• What needs to be done: Please copy the records exactly as they appear, with all pictures left out.

• Material for this exercise:
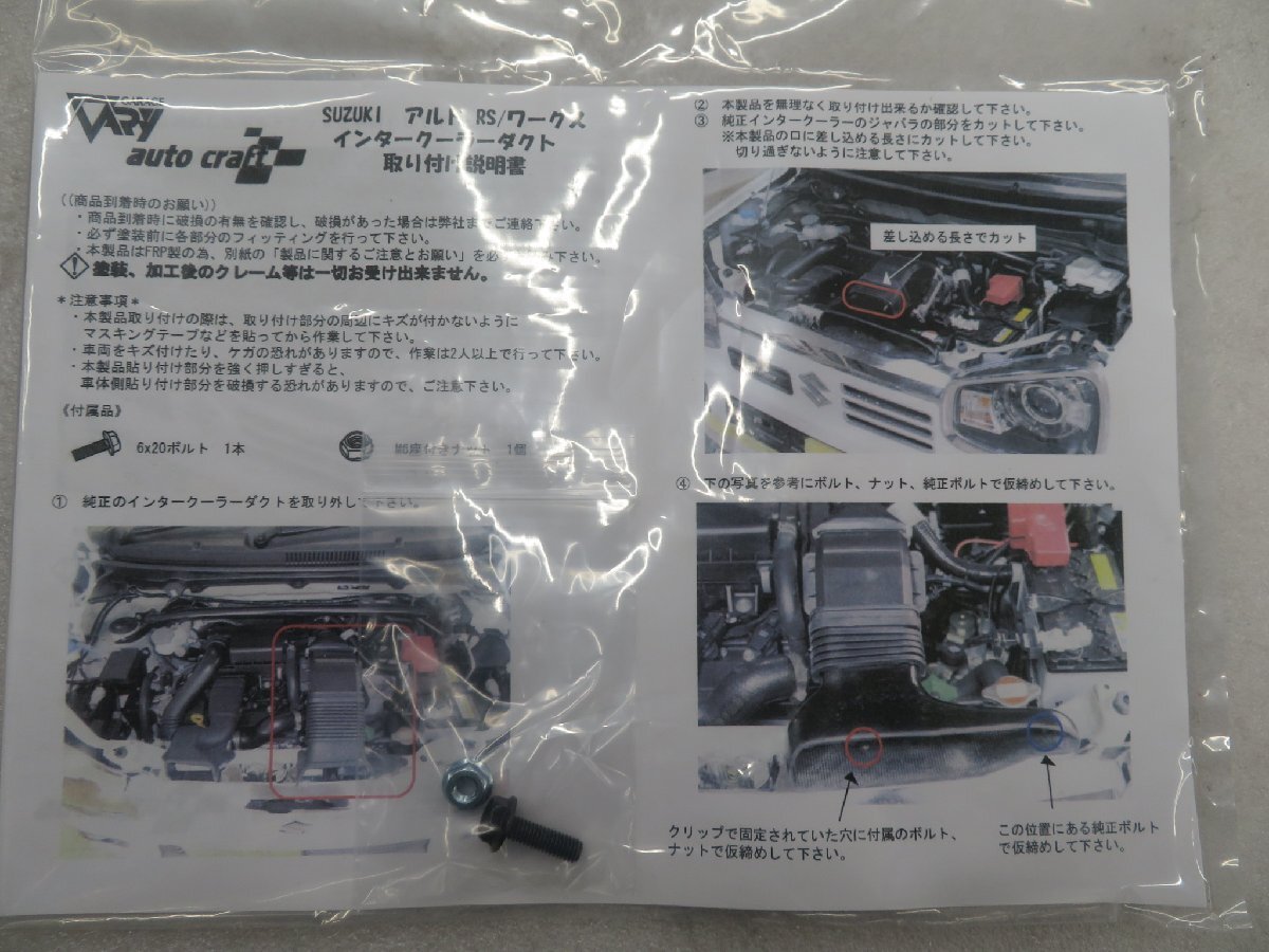 | 商品名稱 : | 展示未使用品 オートクラフト インタークーラーエアガイド 品番 HA36-IC002C アルトワークス カーボン製 |
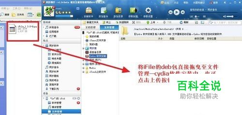 连接iPhone到电脑,点击文件管理—cydia软件安装—将iFile的deb包拖曳进入,或者点击上传按钮上传。
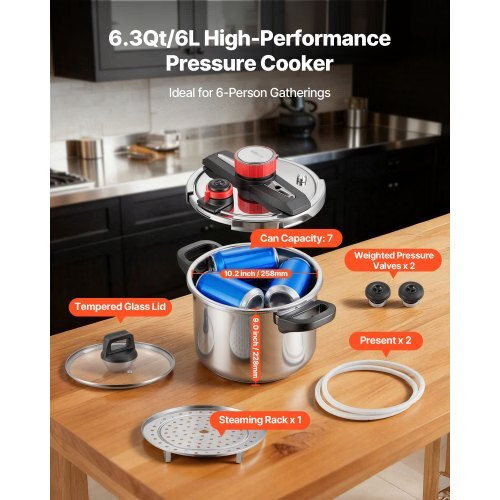 VEVOR Pressure Cooker, 6.3Qt Pressure Cooker Stainless Steel,Pressures Canner with Steaming Rack, Tempered Glass Lid, ThreePressures Settings for Meat, Beans, Rice, Soup, Sauces, Cook up to100 kPa Full Meals, Less Effort Premium Cooking Choice Triple-Layer Heating Quality Build and Comfort Everyday Cooking Upgrade Multiple Sizes Available Capacity: 6Qt/6L ,Item Model Number: 22cm/6L,Pot Depth: 6.4inch/163mm,Can Capacity: 7,Product Dimensions: 14.4 x 9.4 x 9.6/9.3inch (365 x 240 x 245/235mm),Net Weight: 8.2 lbs/3.72 kg,PotDiameter: 8.7 inch/220mm
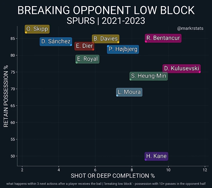 График показывает, что произойдет во время следующих трех действий после того, как игрок получил мяч. По оси X – вероятность того, что удар или проникновение в зону радиусом 20 метров от ворот (deep completion), по оси Y – вероятность того, что игрок сохранит владение. При подсчете учитываются владения, в которых было более 10 передач на чужой половине. В таких случаях действия Кейна и Бентанкура примерно на одном уровне ведут к обострению, но они на разных полюсах по уровню удержания владения. Вероятность того, что действия Кулусевски приведут к удару или deep completion – 11,7%, это лучший показатель в команде. При этом, вероятность того, что Деян сохранит владение выше, чем у других атакующих игроков.
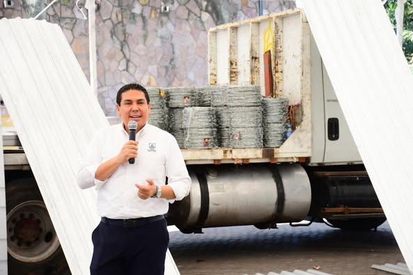 * Entrega alcalde Samuel Hidalgo, paquetes de láminas y alambre de púas.
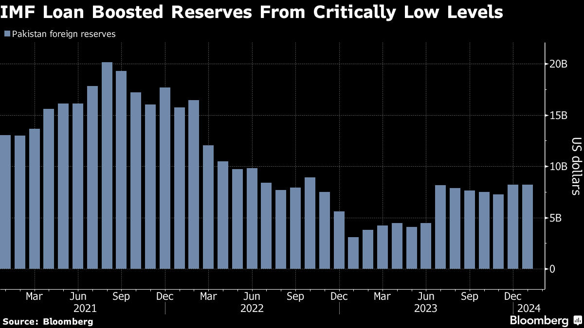 Pakistan has about $1 billion in dollar-denominated bonds due in April. While markets have priced out the risk of default for those notes, the payment will eat into the nation's dollar stockpile, which totaled $8.2 billion in late January. The nation's finances will collapse without a fresh bailout, according to all 12 respondents in a recent Bloomberg survey.
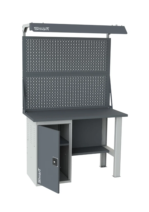 В комплектацию верстака входит: столешница 1280 SMART, полка/стенка 625 SMART, тумба SMART 1, опора SMART, два перфорированных экрана SMART, комплект освещения SMART. Столешница выполнена из фанеры 27 мм со стальной окрашенной накладкой 1,2 мм. Опора сварная выполненная с применением высокоточного сварочного оборудования. Имеет нижнюю перекладину для усиления устойчивости конструкции. Размер опоры (ВхШхГ): 835х500х135 мм. Тумба SMART 1 комплектуется одной дверью и одной полкой. Закрываться ключевым замком с поворотной ручкой. Секретность замка 2000 комбинаций (2 ключа в комплекте). Внутренняя стенка двери имеют универсальную перфорацию для размещения навесных элементов. Шаг квадратной перфорации (10 мм) - 38х38 мм, круглой (7 мм) - 25х38 мм. Возможна смена стороны открывания двери тумбы. Перфорированный экран SMART имеет универсальную перфорацию для размещения различного типа крючков и держателей инструмента. Шаг квадратной перфорации экрана (10 мм) - 38х38 мм, круглой (7 мм) - 25х38 мм. Цвет верстака: опора, корпус тумбы - серый Ral 7035, столешница, полка/стенка, лицевая панель тумбы, экран - графит Ral 7016. Поставляется в разобранном виде.
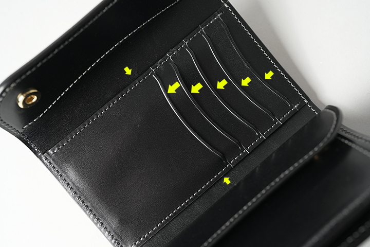 ③のマチ無しポケットはしっかりと深さが確保され、二つ折りの紙幣が収まるのが嬉しいポイントです。
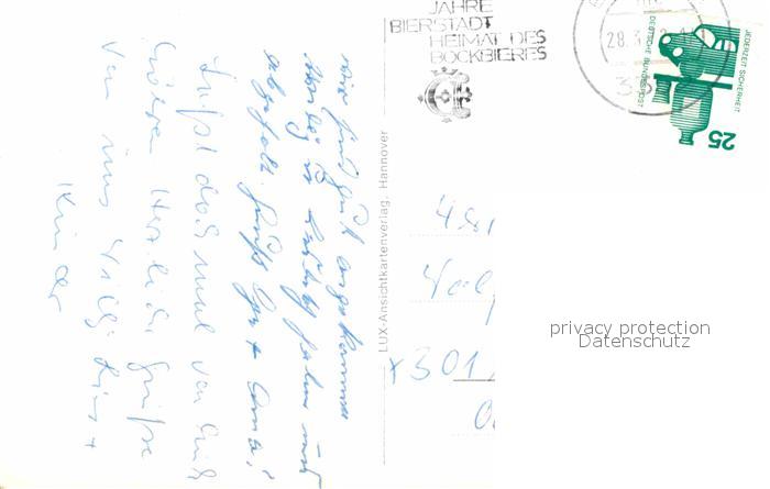 72719851 alte Postkarte Einbeck Niedersachsen Kirche St Bartholomae Kapelle Brodhaus Markt Rathaus Marktstrasse postalisch gelaufen Erhaltung siehe scans [FriedD77] KatCode: 11110003155004
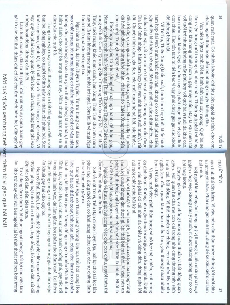 (Lưu ý: Thái Ất Tử Vi được chúng tôi scan từ sách, do đó mỗi tuổi sẽ có nhiều trang, quý vị xem xong hãy nhấn vào trang tiếp theo để xem hết phần tuổi muốn xem. Nếu quý vị xem bằng điện thoại thì hãy kéo qua lại để xem phần bị khuất.)
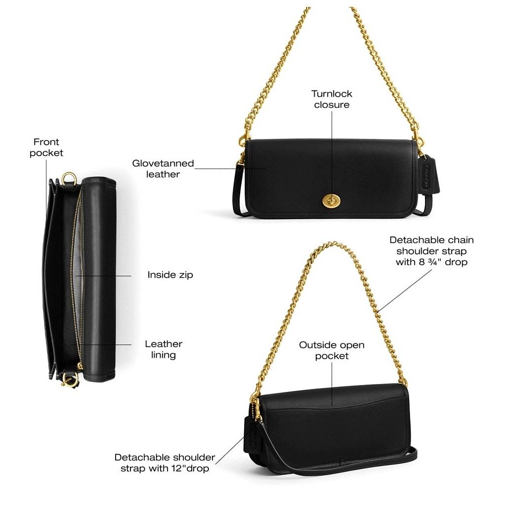 📌 솜사탕구름: 코치 딘키백 블랙 컬러 드디어 겟! 가죽 질감 진짜 부드럽고 고급스러워요. 턴락 잠금도 예쁘고, 체인 스트랩이랑 가죽 스트랩 둘 다 있어서 스타일링하기 너무 좋네요. 크기도 딱 필요한 것만 들어가서 데일리백으로 최고!
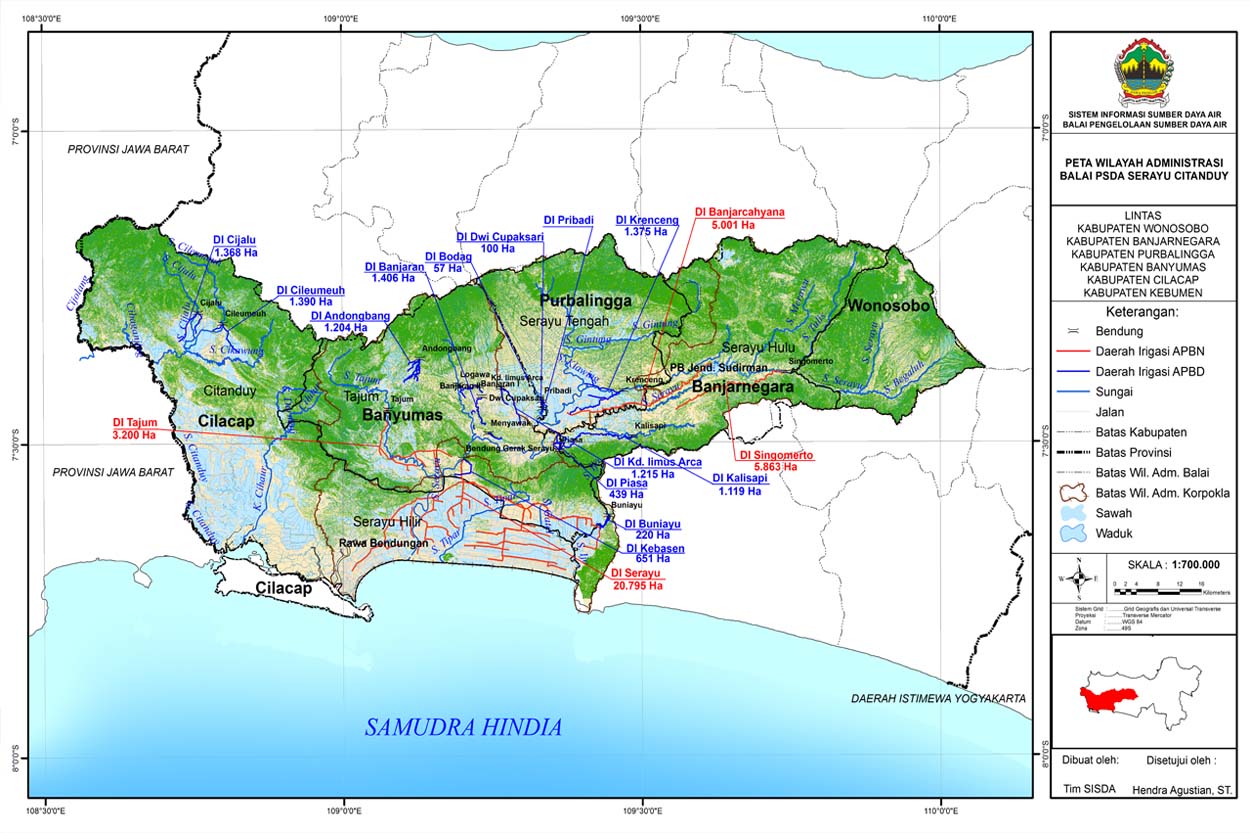 Secara administrasi potensi sumber daya air di Wilayah Kerja Balai PSDA Serayu Citanduy meliputi 2 Wilayah Sungai yakni WS Serayu (181 Km) dan WS Citanduy Timur (128 Km), yang melintasi Kabupaten Wonosobo, Banjarnegara, Purbalingga, Banyumas, Cilacap dan sebagian Kebumen. Serta mempunyai 13 Daerah Irigasi kewenangan Provinsi Jawa Tengah dengan luas areal layanan mencapai 10.463 Ha dan 4 Daerah Irigasi kewenangan pusat dengan luas areal layanan 34.859 Ha.

• Exercise result:
 | 商品名稱 : | 展示未使用品 オートクラフト インタークーラーエアガイド 品番 HA36-IC002C アルトワークス カーボン製 |
 连接iPhone到电脑,点击文件管理—cydia软件安装—将iFile的deb包拖曳进入,或者点击上传按钮上传。
 VEVOR Pressure Cooker, 6.3Qt Pressure Cooker Stainless Steel,Pressures Canner with Steaming Rack, Tempered Glass Lid, ThreePressures Settings for Meat, Beans, Rice, Soup, Sauces, Cook up to100 kPa Full Meals, Less Effort Premium Cooking Choice Triple-Layer Heating Quality Build and Comfort Everyday Cooking Upgrade Multiple Sizes Available Capacity: 6Qt/6L ,Item Model Number: 22cm/6L,Pot Depth: 6.4inch/163mm,Can Capacity: 7,Product Dimensions: 14.4 x 9.4 x 9.6/9.3inch (365 x 240 x 245/235mm),Net Weight: 8.2 lbs/3.72 kg,PotDiameter: 8.7 inch/220mm
 График показывает, что произойдет во время следующих трех действий после того, как игрок получил мяч. По оси X – вероятность того, что удар или проникновение в зону радиусом 20 метров от ворот (deep completion), по оси Y – вероятность того, что игрок сохранит владение. При подсчете учитываются владения, в которых было более 10 передач на чужой половине. В таких случаях действия Кейна и Бентанкура примерно на одном уровне ведут к обострению, но они на разных полюсах по уровню удержания владения. Вероятность того, что действия Кулусевски приведут к удару или deep completion – 11,7%, это лучший показатель в команде. При этом, вероятность того, что Деян сохранит владение выше, чем у других атакующих игроков.
 * Entrega alcalde Samuel Hidalgo, paquetes de láminas y alambre de púas.
 Pakistan has about $1 billion in dollar-denominated bonds due in April. While markets have priced out the risk of default for those notes, the payment will eat into the nation's dollar stockpile, which totaled $8.2 billion in late January. The nation's finances will collapse without a fresh bailout, according to all 12 respondents in a recent Bloomberg survey.
 В комплектацию верстака входит: столешница 1280 SMART, полка/стенка 625 SMART, тумба SMART 1, опора SMART, два перфорированных экрана SMART, комплект освещения SMART. Столешница выполнена из фанеры 27 мм со стальной окрашенной накладкой 1,2 мм. Опора сварная выполненная с применением высокоточного сварочного оборудования. Имеет нижнюю перекладину для усиления устойчивости конструкции. Размер опоры (ВхШхГ): 835х500х135 мм. Тумба SMART 1 комплектуется одной дверью и одной полкой. Закрываться ключевым замком с поворотной ручкой. Секретность замка 2000 комбинаций (2 ключа в комплекте). Внутренняя стенка двери имеют универсальную перфорацию для размещения навесных элементов. Шаг квадратной перфорации (10 мм) - 38х38 мм, круглой (7 мм) - 25х38 мм. Возможна смена стороны открывания двери тумбы. Перфорированный экран SMART имеет универсальную перфорацию для размещения различного типа крючков и держателей инструмента. Шаг квадратной перфорации экрана (10 мм) - 38х38 мм, круглой (7 мм) - 25х38 мм. Цвет верстака: опора, корпус тумбы - серый Ral 7035, столешница, полка/стенка, лицевая панель тумбы, экран - графит Ral 7016. Поставляется в разобранном виде.
 ③のマチ無しポケットはしっかりと深さが確保され、二つ折りの紙幣が収まるのが嬉しいポイントです。
 72719851 alte Postkarte Einbeck Niedersachsen Kirche St Bartholomae Kapelle Brodhaus Markt Rathaus Marktstrasse postalisch gelaufen Erhaltung siehe scans [FriedD77] KatCode: 11110003155004
 (Lưu ý: Thái Ất Tử Vi được chúng tôi scan từ sách, do đó mỗi tuổi sẽ có nhiều trang, quý vị xem xong hãy nhấn vào trang tiếp theo để xem hết phần tuổi muốn xem. Nếu quý vị xem bằng điện thoại thì hãy kéo qua lại để xem phần bị khuất.)
 📌 솜사탕구름: 코치 딘키백 블랙 컬러 드디어 겟! 가죽 질감 진짜 부드럽고 고급스러워요. 턴락 잠금도 예쁘고, 체인 스트랩이랑 가죽 스트랩 둘 다 있어서 스타일링하기 너무 좋네요. 크기도 딱 필요한 것만 들어가서 데일리백으로 최고!
 Secara administrasi potensi sumber daya air di Wilayah Kerja Balai PSDA Serayu Citanduy meliputi 2 Wilayah Sungai yakni WS Serayu (181 Km) dan WS Citanduy Timur (128 Km), yang melintasi Kabupaten Wonosobo, Banjarnegara, Purbalingga, Banyumas, Cilacap dan sebagian Kebumen. Serta mempunyai 13 Daerah Irigasi kewenangan Provinsi Jawa Tengah dengan luas areal layanan mencapai 10.463 Ha dan 4 Daerah Irigasi kewenangan pusat dengan luas areal layanan 34.859 Ha.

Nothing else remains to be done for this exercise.